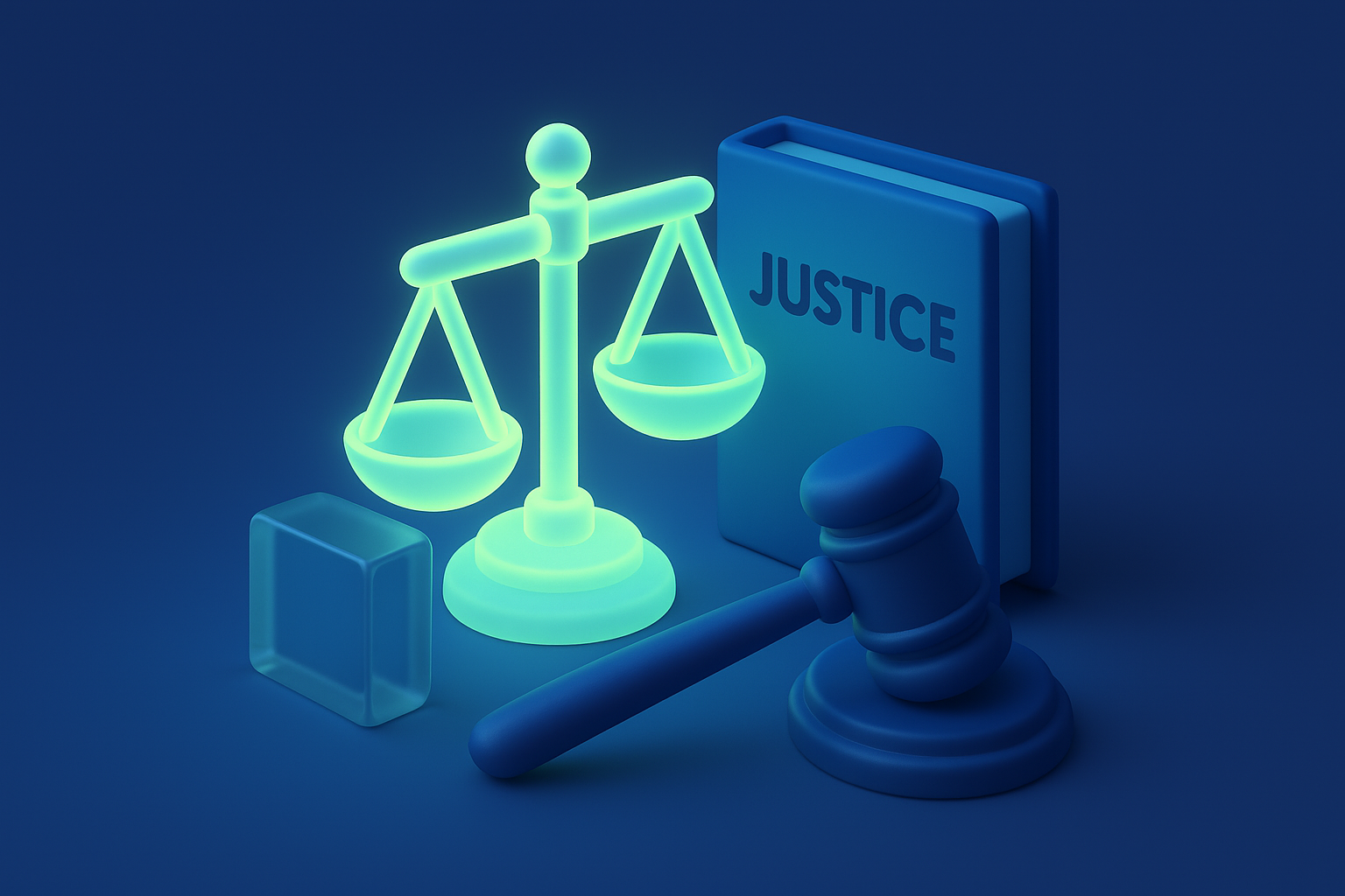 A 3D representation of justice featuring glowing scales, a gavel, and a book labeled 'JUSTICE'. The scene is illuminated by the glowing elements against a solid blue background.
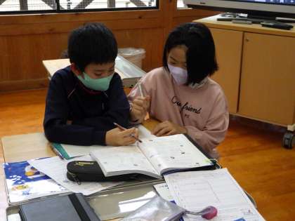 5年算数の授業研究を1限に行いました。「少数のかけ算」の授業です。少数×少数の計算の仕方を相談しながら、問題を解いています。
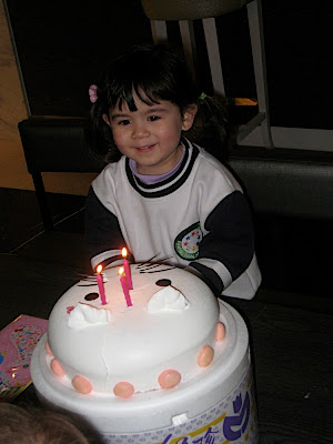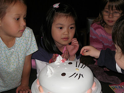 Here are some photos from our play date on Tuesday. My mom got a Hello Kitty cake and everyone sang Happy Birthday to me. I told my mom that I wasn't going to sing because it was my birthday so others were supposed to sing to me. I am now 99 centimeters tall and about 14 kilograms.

### TASK TO COMPLETE
Reproduce the material exactly. Pictures stay out.

### WRITTEN ANSWER
 A 3D representation of justice featuring glowing scales, a gavel, and a book labeled 'JUSTICE'. The scene is illuminated by the glowing elements against a solid blue background.
 5年算数の授業研究を1限に行いました。「少数のかけ算」の授業です。少数×少数の計算の仕方を相談しながら、問題を解いています。
 Here are some photos from our play date on Tuesday. My mom got a Hello Kitty cake and everyone sang Happy Birthday to me. I told my mom that I wasn't going to sing because it was my birthday so others were supposed to sing to me. I am now 99 centimeters tall and about 14 kilograms.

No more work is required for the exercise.